She was astonished. ‘He must have.’

‘No.’

‘But why not?’

‘Lots of complicated reasons. But for the one thing, he wouldn’t have kidnapped me straight after the Gold Cup. He wouldn’t have had any need to. If he’d wanted to abduct me to stop me riding Tapestry, he wouldn’t have done it until just before the horse’s next race, nearly three weeks later.’

‘Oh,’ she said doubtfully.

‘The first abduction was quite elaborate,’ I said. ‘Binny couldn’t possibly have had time to organise it between the Gold Cup and the time I was taken, which was only an hour or so later.’

‘Are you sure?’

‘Yes, Moira, quite sure. And when he really did try to stop me winning, he did very direct and simple things, not difficult like kidnapping. He offered me a bribe, and cut the rein. Much more in character. He always was a fool, and now he’s a dangerous fool, but he isn’t a kidnapper.’

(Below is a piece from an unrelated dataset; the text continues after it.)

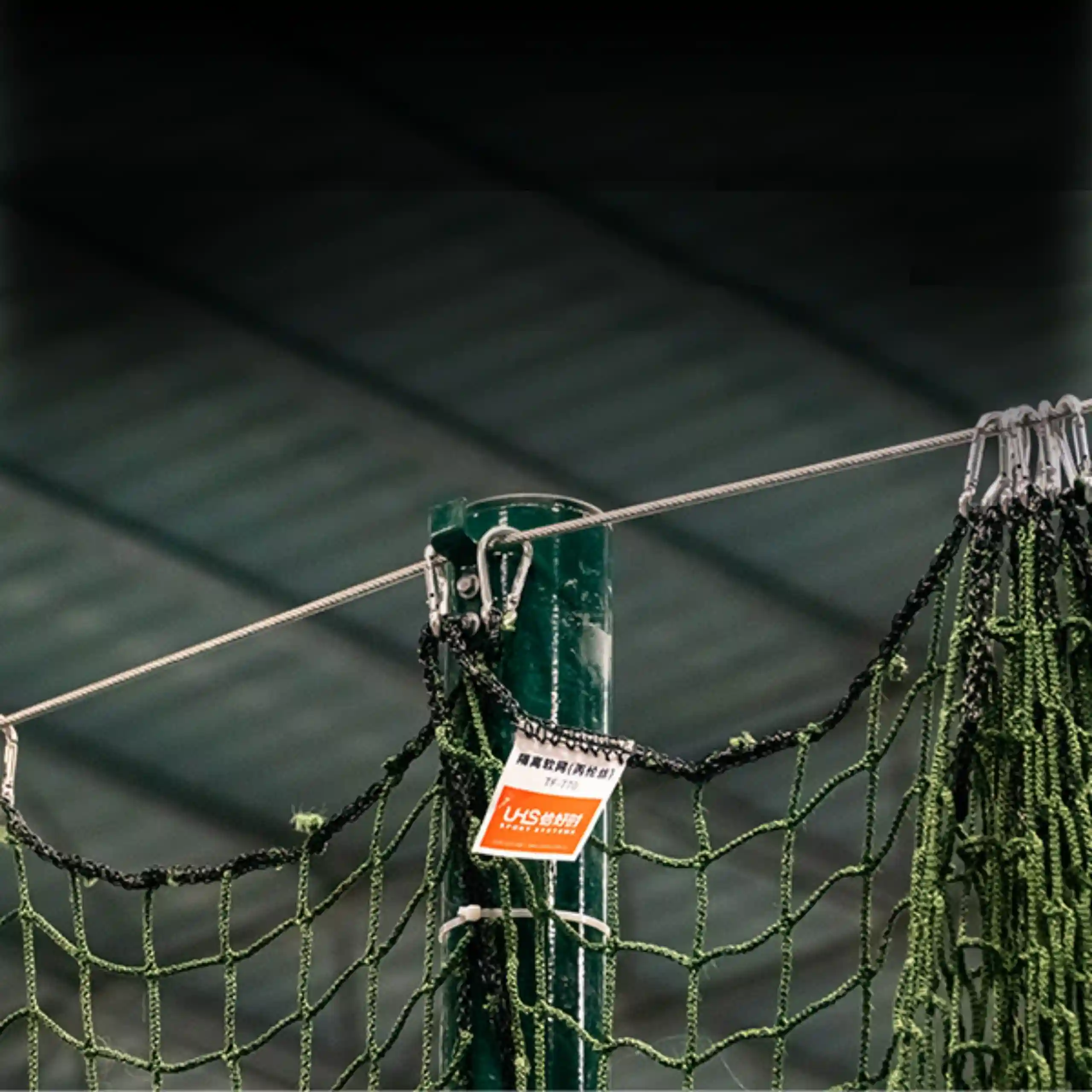 TF-770 Tennis Court Divider Net, dark green indoor divider net, polypropylene tennis court net, indoor tennis divider net, quick-dry tennis court net

‘Oh dear,’ she said, sounding disappointed. ‘And I was so sure.’

She cheered up a bit and asked me to ride Tapestry in the Whitbread. I said I’d be delighted, and she deflated my ego by passing on the opinion of a press friend of her to the effect that Tapestry was one of those horses who liked to be in charge, and an amateur who just sat there doing nothing very much was exactly what suited him best.

Grinning to myself I put down the receiver. The press friend was right; but who cared.

For the rest of the morning I tried to make inroads into the backlog of correspondence, but found it impossible to concentrate. The final fruit of two hours of reading letters and shuffling them around, was three heaps marked ‘overdue’, ‘urgent’, and ‘if you don’t get these off today there will be trouble’.

Debbie looked down her pious nose at my inability to apply myself, and primly remarked that I was under-utilising her capability. Under-utilising... Ye Gods! Where did the gobbledegook jargon come from?

‘You mean I’m not giving you enough to do.’

‘That’s what I said.’

At luncheon I stayed alone in the office and stared into space: and my telephone rang again.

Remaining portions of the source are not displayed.